Ever since the election of U.S. President Donald Trump, the threat of an uptick in U.S.-China trade tensions have seemed unavoidable. Trump, after all, based his campaign on a promise to return economic prosperity to the U.S. Rust Belt, where manufacturing jobs have dried up, or, in Trumpian parlance, been “stolen” by China. A year into Trump’s presidency, however, we hadn’t seen much action on that front, with Trump instead taking a cordial stance in talks with Chinese President Xi Jinping.
That changed on January 22, when the Trump administration announced that it would levy tariffs on imported solar panels and washing machines, arguing that “increased foreign imports of washers and solar cells and modules are a substantial cause of serious injury to domestic manufacturers.” While the tariffs apply to products imported from around the world, the press release from the Office of the U.S. Trade Representative singled out China’s trade practices as a major concern.
In response, China’s Ministry of Commerce (MOFCOM) called the move “an abuse of trade remedy measures.”
“China hopes the U.S. will use the trade restrictions with restraint, abide by the multilateral trade rules and play a positive role in promoting world economic development,” said Wang Hejun, head of MOFCOM’s Trade Remedy and Investigation Bureau in a statement. “With regard to the erroneous practice of the U.S., China will, together with other WTO members, resolutely defend its legitimate interests.”
On February 4, MOFCOM moved beyond words to actions, opening anti-dumping and anti-subsidy investigations into sorghum imported from the United States. Notably, the MOFCOM statements announcing the investigations admitted that the probes were not triggered by a formal domestic complaint; citing “special circumstances,” thought, MOFCOM said there was “ample evidence” to believe that dumping and subsidies were causing harm to Chinese domestic producers by suturing the market and bringing down prices.

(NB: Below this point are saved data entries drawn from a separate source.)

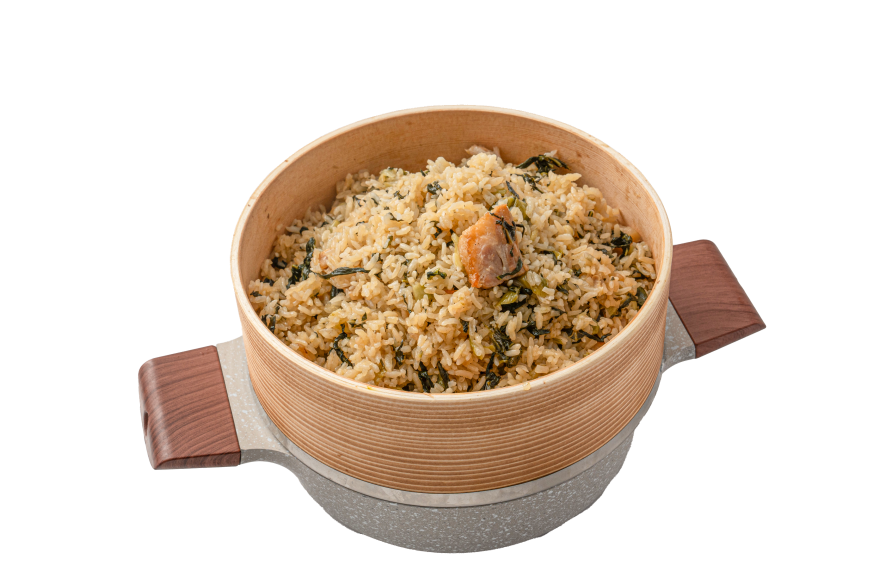 土灶菜饭俗称“咸碎饭”,选用宝山优质大米,与咸肉丁、青菜一同在土灶大锅中翻炒焖煮,开锅时香气扑鼻,每一口都是质朴而满足的家乡味。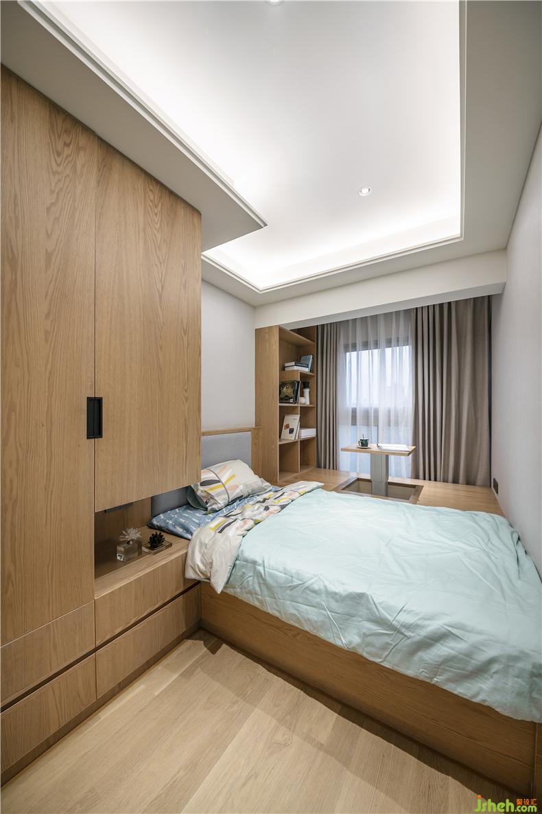 Junmei design - ascension design case hides the scenery in the house and the owner's bedroom. Gray and yellow are classic and eternal fashion. The changing scenery outside the window makes fashion never out of fashion.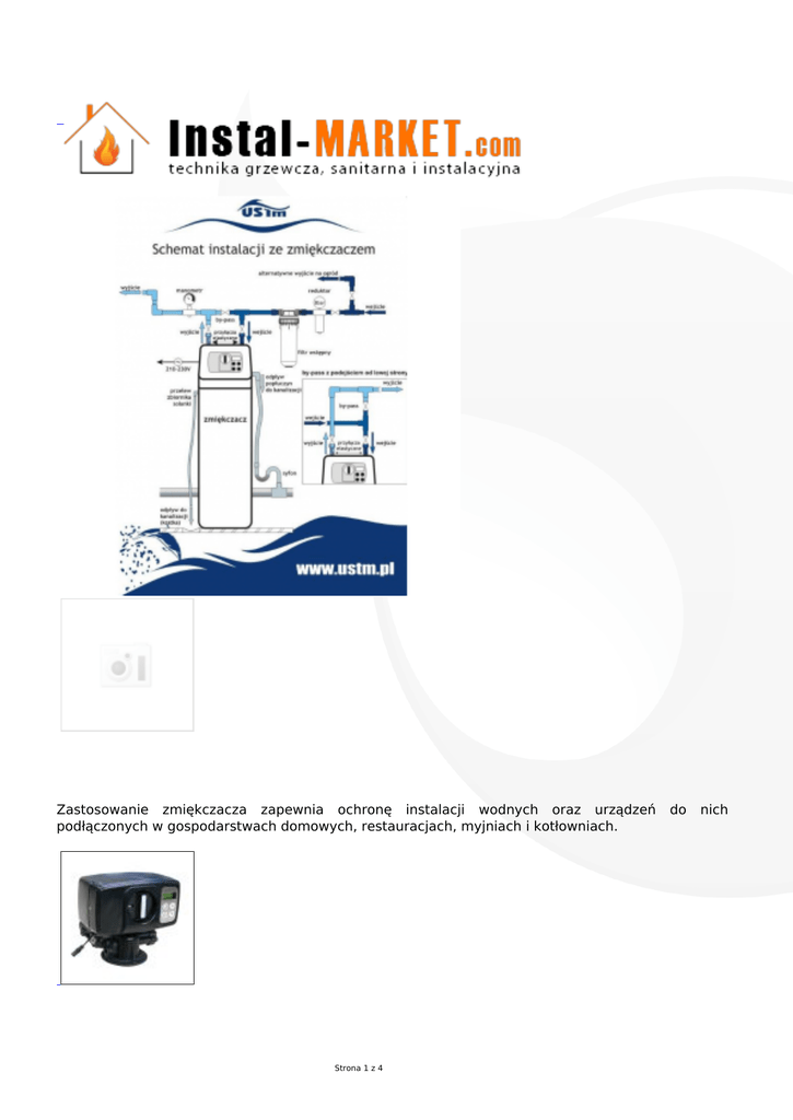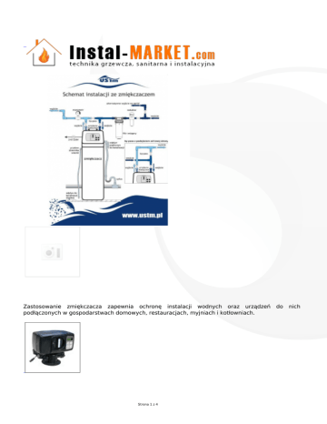 Zastosowanie zmiękczacza zapewnia ochronę instalacji wodnych oraz urządzeń podłączonych w gospodarstwach domowych, restauracjach, myjniach i kotłowniach. Strona 1 z 4 do nich Oferowane zmiękczacze są urządzeniami kompaktowymi, z całkowicie automatyczną, elektroniczną głowicą czasowo-objętościową. Wyposażone są w by-pass pozwalający na łatwy montaż i demontaż urządzenia. Posiadają atest PZH. Podstawowe zalety zastosowania zmiękczacza to: zmniejszenie awaryjności urządzeń, sprzętów gospodarstwa domowego, części maszyn i instalacji wodnej, zmniejszenie zużycia energii ze względu na brak kamienia kotłowego, wyeliminowanie kamienia na armaturze, w czajniku, ekspresie i wielu innych urządzeniach, poprawa smaku napojów i potraw, efektywniejsze i bardziej ekonomiczne pranie, zmywanie oraz kąpiel, mniej podrażniona i wysuszona skóra oraz włosy. Zimna woda zasilająca przepływa przez specjalne złoże filtracyjne (żywicę jonowymienną), które powoduje wymianę jonów wapnia i magnezu, odpowiadających za twardość wody, na jony sodu. Zasada działania zmiękczacza: Strona 2 z 4 Dzięki temu zostaje zmniejszony stopień twardości wody. Żywica jonowymienna traci stopniowo swoją wydajność, dlatego też musi być poddawana automatycznej regeneracji przy użyciu solanki (nasycony roztwór NaCl i wody). Wykorzystywane są do tego tabletki soli wsypane wcześniej do obudowy zmiękczacza i uzupełniane ok. raz w miesiącu. Za prawidłową regenerację odpowiada elektroniczny sterownik, będący integralną częścią zmiękczacza. Nasze sterowniki pozwalają na dopasowanie parametrów pracy wybór cyklu pracy: zmiękczacza do potrzeb użytkownika: a. cykl czasowy (regeneracja odbywa się po określonym czasie, np. 14 dni), b. cykl objętościowy (regeneracja odbywa się po uzdatnieniu określonej ilości wody, np. 3m3); zmianę czasu regeneracji (fabrycznie ustawiony na 2.00 w nocy); ustalanie długości cykli w zależności od jakości wody. Nasze zmiękczacze wyróżnia: doskonała skuteczność zmiękczania wody, zwarta, estetyczna, kompaktowa obudowa (zbiornik na złoże - kationit oraz zbiornik na solankę w jednej obudowie), nowoczesna głowica sterująca z bypassem w zestawie, ceramiczny zawór sterujący, bezobsługowa praca urządzenia, ograniczona tylko do uzupełniania soli, atrakcyjna cena. UWAGA! Woda poddawana procesowi zmiękczania powinna być wstępnie oczyszczona z zanieczyszczeń mechanicznych (wskazane jest zamontowanie przed zmiękczaczem filtra narurowego z wkładem np. sznurkowym PP20). Strona 3 z 4 Strona 4 z 4
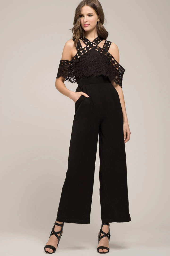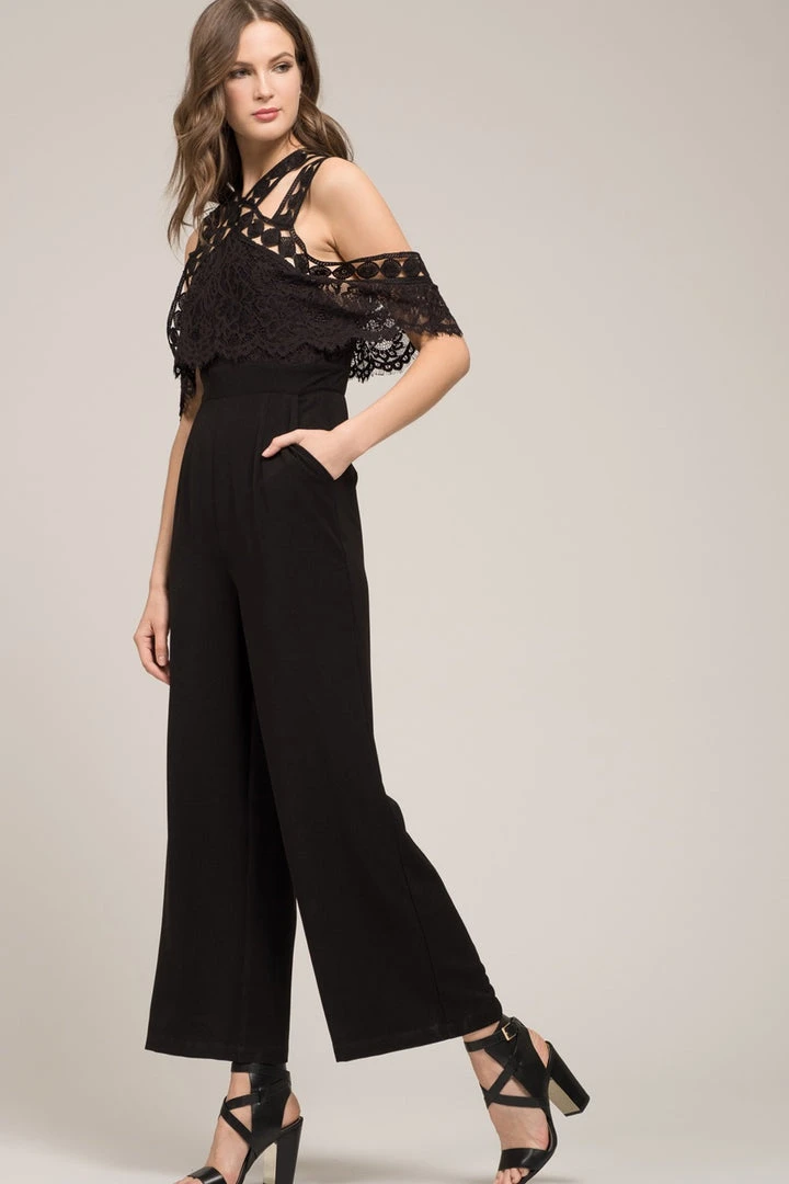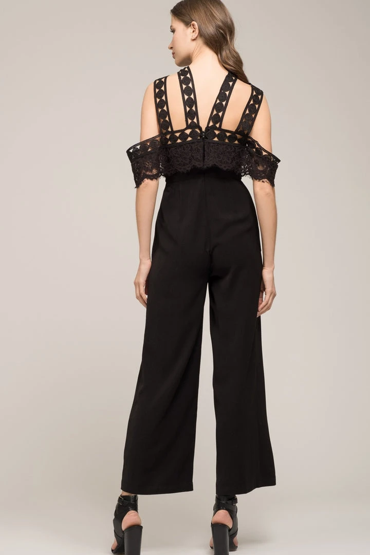 From Moon River. Cold shoulder jumpsuit in black with lace detail. Back zipper and side pockets.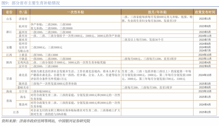 一是出台更加积极和系统化的一揽子鼓励生育政策以应对出生率下降的严重挑战,如建立生育补贴制度。2024年10月国务院印发《关于加快完善生育支持政策体系推动建设生育友好型社会的若干措施》的通知,强调要建立生育补贴等制度。我国目前已有二十多个省市实施了不同程度的生育补贴措施。但补贴的力度尚存进一步提升空间。近期以内蒙古呼和浩特为代表的生育补贴政策在补贴力度方面明显提升。4月28日召开的国务院新闻发布会上,国家发改委副主任赵辰昕也表示将建立实施育儿补贴制度,预计后续全国层面的生育补贴政策有望加快落地。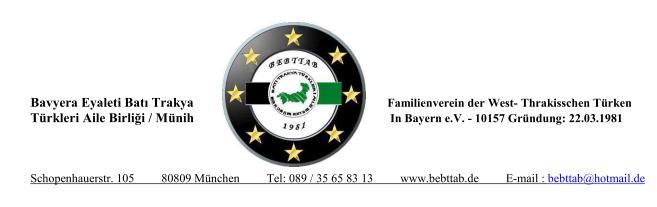 Bavyera Eyaleti Batı Trakya Türkleri Aile Birliği Münih Derneği'nin 16 Kasım 2013 tarihinde düzenleyeceği Kültür ve Aile Gecesi'ne tüm Batı Trakya Türkleri ve dostlarını davet eder, bu güzel gecemizde sizleri aramızda görmekten mutluluk duyarız.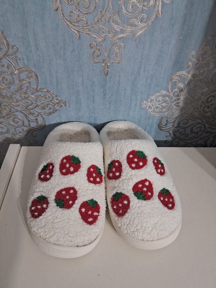 Nakışlı renkli çilek desenli, örgü beyaz kadın ev terliği. Sıcacık ve rahat, günlük kullanıma uygun.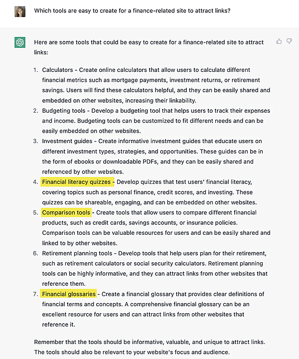 ChatGPT: 金融関連のサイトでリンクを獲得するために、簡単に作成できると思われるツールをいくつか挙げます。

China’s Foreign Ministry spokesperson, in a regular press conference, emphasized that the sorghum probes were “just a normal individual case of trade remedy investigations” – rather than an explicit response to the Trump administration’s recent moves.
The investigation could have a not inconsiderable effect on U.S.-China trade. According to the U.S. Grains Council, sorghum is the third-largest cereal grain crop grown in the United States – and China accounts for the lion’s share of sorghum exports (79 percent as of the 2016-2017 crop year). More concerning, however, is the possibility that this is simply a warning shot. China is the largest export market for U.S. agricultural products, consuming $21.4 billion in U.S. agricultural exports in 2016; further action from China could threaten that considerable total. On the other hand, China can ill afford to jeopardize its own agricultural supplies simply for the sake of making a political point.
Trade action against U.S. agricultural products is China’s preferred method for signaling displeasure with Washington’s own trade decisions. In the early days of the Obama administration, China responded to new U.S. tariffs on tire imports by putting its own tariffs on U.S. chicken products as well as automobiles. Such tit-for-tat exchanges are par for the course in U.S.-China trade relations; the earlier cases were later settled through a mixture of diplomacy and judgments from the World Trade Organization.
In other words, despite Trump’s bombastic campaign rhetoric – he infamously accused China of “raping” the United States – so far, we haven’t seen anything out of the ordinary in the U.S.-China trade relationship. But with Trump promising “a very big intellectual property potential fine” on China in January, the trade frictions are just heating up.